• **Work order**:
Below are the records. Reproduce exactly the lines from the one containing "Retrouvez toutes nos" through the final line, and omit any pictures.

*** Data to process ***

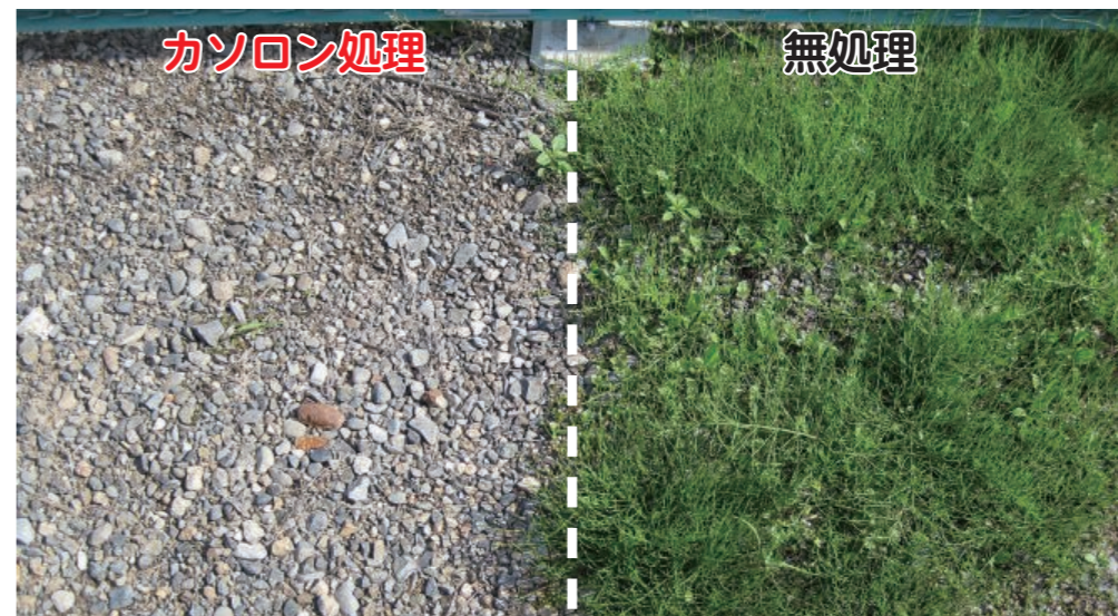
使用例) 処理日:11月5日 [翌年7月15日撮影]

アグロ カネショウ(株) 北海道支店 札幌市厚別区厚別中央2条5-3-31 TEL. 011(890)1755
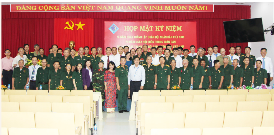
Các đại biểu chụp ảnh lưu niệm.

thể hiện sự phấn đấu không ngừng của Hội viên Hội CCB Trường trong việc phát huy truyền thống tốt đẹp của Bộ đội Cụ Hồ trong nhiệm vụ mới, luôn đồng hành và hỗ trợ tích cực các hoạt động của CCB, Đảng ủy và Ban Giám hiệu Nhà trường nhằm giáo dục truyền thống cách mạng, tạo dựng nền tảng vững chắc trong tư tưởng, cách nghĩ hiện đại về người lính. Nhân lễ kỷ niệm, Hội CCB Trường kêu gọi toàn thể CCB, công chức, viên chức, người lao động và sinh viên toàn trường tích cực hưởng ứng các phong trào giữ gìn an ninh quốc phòng, vững vàng tư tưởng chính trị, đồng thời, không ngừng nỗ lực học tập vươn tới mục tiêu phát triển toàn diện, bền vững và hợp tác quốc tế trong thời đại mới để xây dựng và phát triển Nhà trường ngày càng vững mạnh.
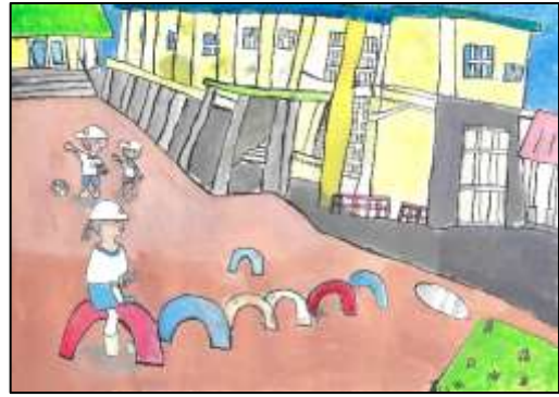
スマイル賞 「6年校舎とタイヤ跳び」
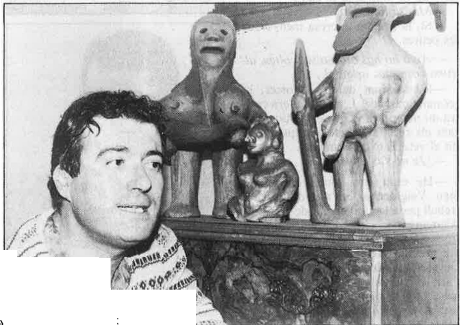
«Jo sóc "piquito de oro" o llengua d'estràl».
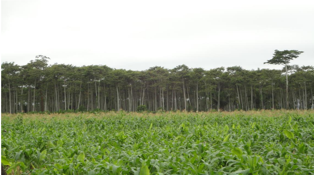
Foto 9. Plantación de “bolaina blanca” Guazuma crinita a orillas del río Pachitea - Honoria
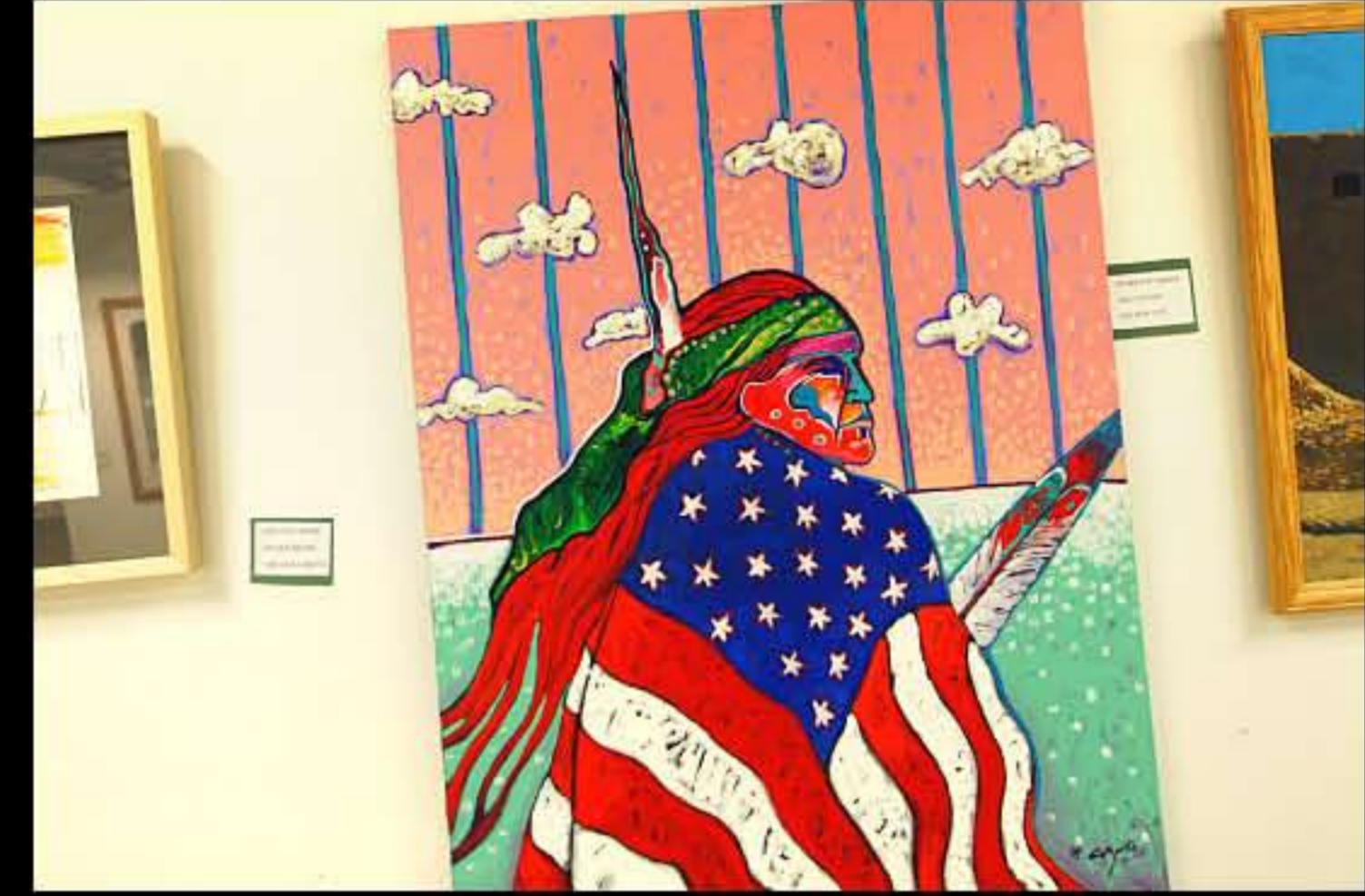
SD Pine Ridge, Red Cloud School, galleria 1
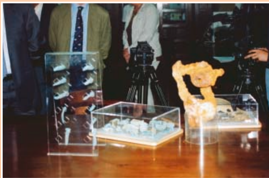
Restos del pecio entregado por la Autoridad Portuaria al Museo Naval de Ferrol.
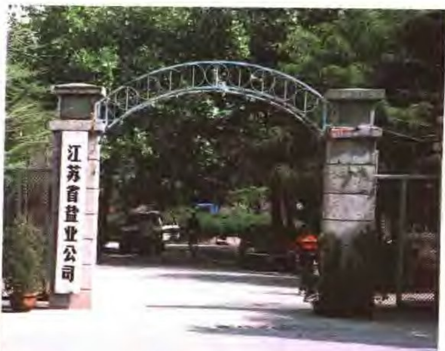
江苏省盐业公司驻地(连云港市)
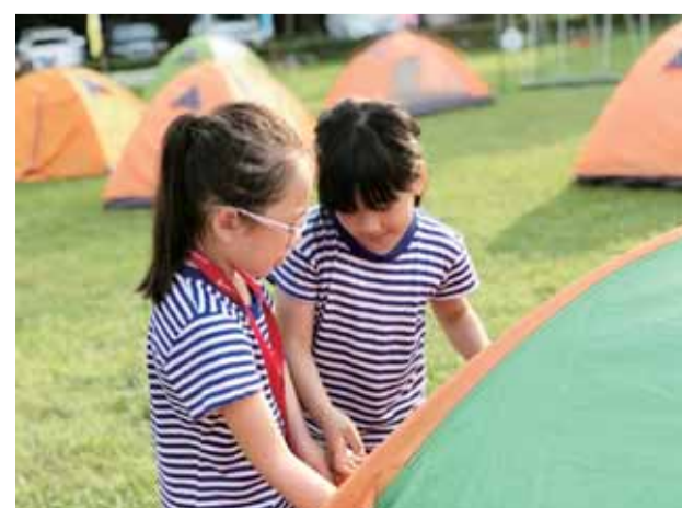
搭好帐篷，准备露营
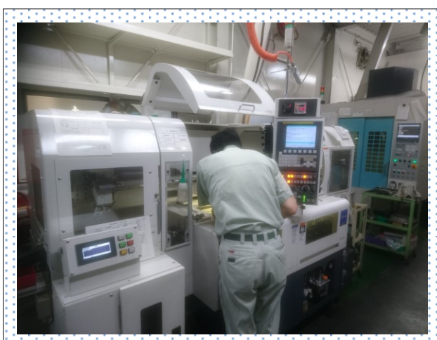
本社工場 セッティング風景
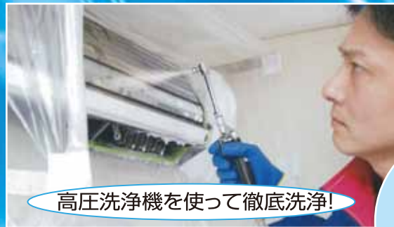
高圧洗浄機を使って徹底洗浄!
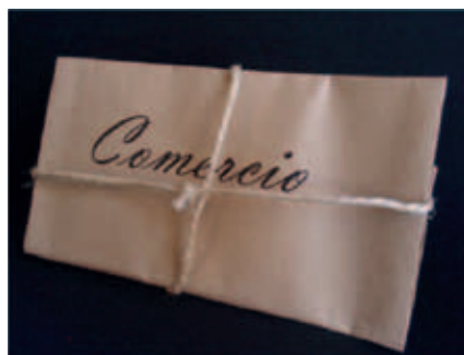
Documentos reales guardados por Ángel Sanagustín y adaptación al libro objeto.
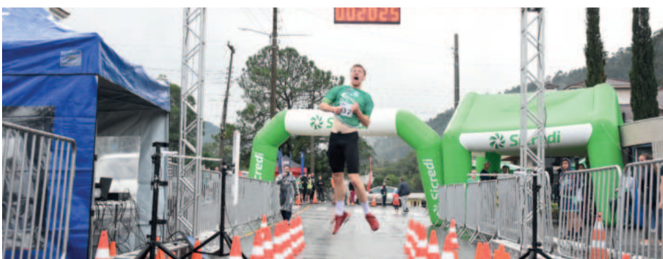
Muita vibração dos participantes nas chegadas
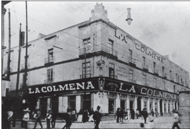
Tienda La Colmena (1910).
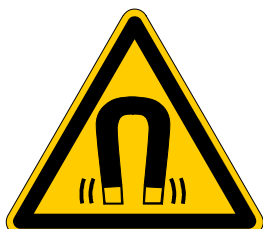
Warnung vor magnetischem Feld
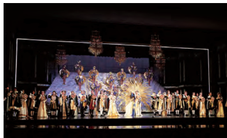
宝塚大劇場星組公演『眠らない男・ナポレオン—愛と栄光の暈に—』 ファイナーレ 2014 年

国民的エンターテインメントとして、人々に夢と感動をあたえ続けている宝塚歌劇100周年を記念して開催します。1914(大正3)年4月1日の初公演以来、創設者の小林一三(1873-1957)が提唱した「新しい国民劇の創成」という理念のもと、様々な困難を乗り越え、多くのスターを生み出し、常に新たな可能性に挑み進化し続ける宝塚歌劇の世界を紹介します。
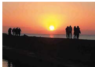
今年も家族そろって初日の出を見れました♪(白塚漁港)
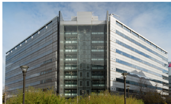
6 place Abel Gance - 92100 Boulogne-Billancourt
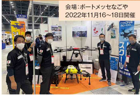
会場:ポートメッセなごや 2022年11月16~18日開催

日本最大級の異業種交流展示会「メッセナゴヤ」。株式会社DSA様の一角をお借りし、メイビが開発した運搬用ドローンを展示させていただきました。
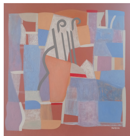
Sébastien Nadin, "D'après Braque"

Retrouvez toutes nos manifestations pluridisciplinaires, L'Expositions D'ART , L'exposition de poche , L'Exposition-Vitrine sur le site de La Nacelle Art Vivant: www.lanacelleartvivant.com
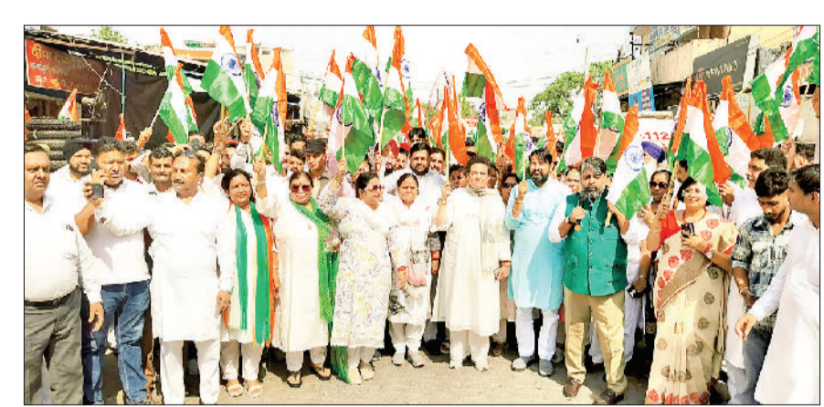
अंबाला। तिरंगा यात्रा के दौरान भाजपा नेता व कार्यकर्ता।

निकाली जा रही है। बीते कल मुख्यमंत्री नायब सिंह सैनी ने पंचकूला से इस यात्रा का शुभारंभ किया था। इस यात्रा के माध्यम से हम भारतीय सेना जिसमें वायुसेना, आर्मी व नेवी है उन्हें हम सैल्यूट करते हैं जिन्होंने पाकिस्तान में घुसकर उन्हें मुहताज जवाब दिया है। उनके छक्के छुड़वाए हैं। हमारी सेना ने 26 लोगों की मौत का बदला कई सौ आतंकियों को मौत के घाट उतारकर लिया है। भारतीय सेना का यह आतंकवाद को मुहताज जवाब है।
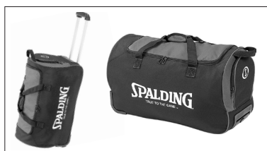
Sac 60L à roulette : 60 €
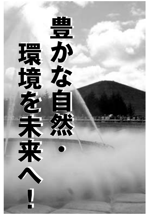
モエレ沼公園は、ごみ埋め立て地の

ちょっとした工夫と心掛けで、皆さんもごみダイエット名人に。ごみを減らして、 街に、地球に優しい暮らし を始めましょう。

*** End of Data to process ***

• **Task result**:
Retrouvez toutes nos manifestations pluridisciplinaires, L'Expositions D'ART , L'exposition de poche , L'Exposition-Vitrine sur le site de La Nacelle Art Vivant: www.lanacelleartvivant.com
अंबाला। तिरंगा यात्रा के दौरान भाजपा नेता व कार्यकर्ता।

निकाली जा रही है। बीते कल मुख्यमंत्री नायब सिंह सैनी ने पंचकूला से इस यात्रा का शुभारंभ किया था। इस यात्रा के माध्यम से हम भारतीय सेना जिसमें वायुसेना, आर्मी व नेवी है उन्हें हम सैल्यूट करते हैं जिन्होंने पाकिस्तान में घुसकर उन्हें मुहताज जवाब दिया है। उनके छक्के छुड़वाए हैं। हमारी सेना ने 26 लोगों की मौत का बदला कई सौ आतंकियों को मौत के घाट उतारकर लिया है। भारतीय सेना का यह आतंकवाद को मुहताज जवाब है।
Sac 60L à roulette : 60 €
モエレ沼公園は、ごみ埋め立て地の

ちょっとした工夫と心掛けで、皆さんもごみダイエット名人に。ごみを減らして、 街に、地球に優しい暮らし を始めましょう。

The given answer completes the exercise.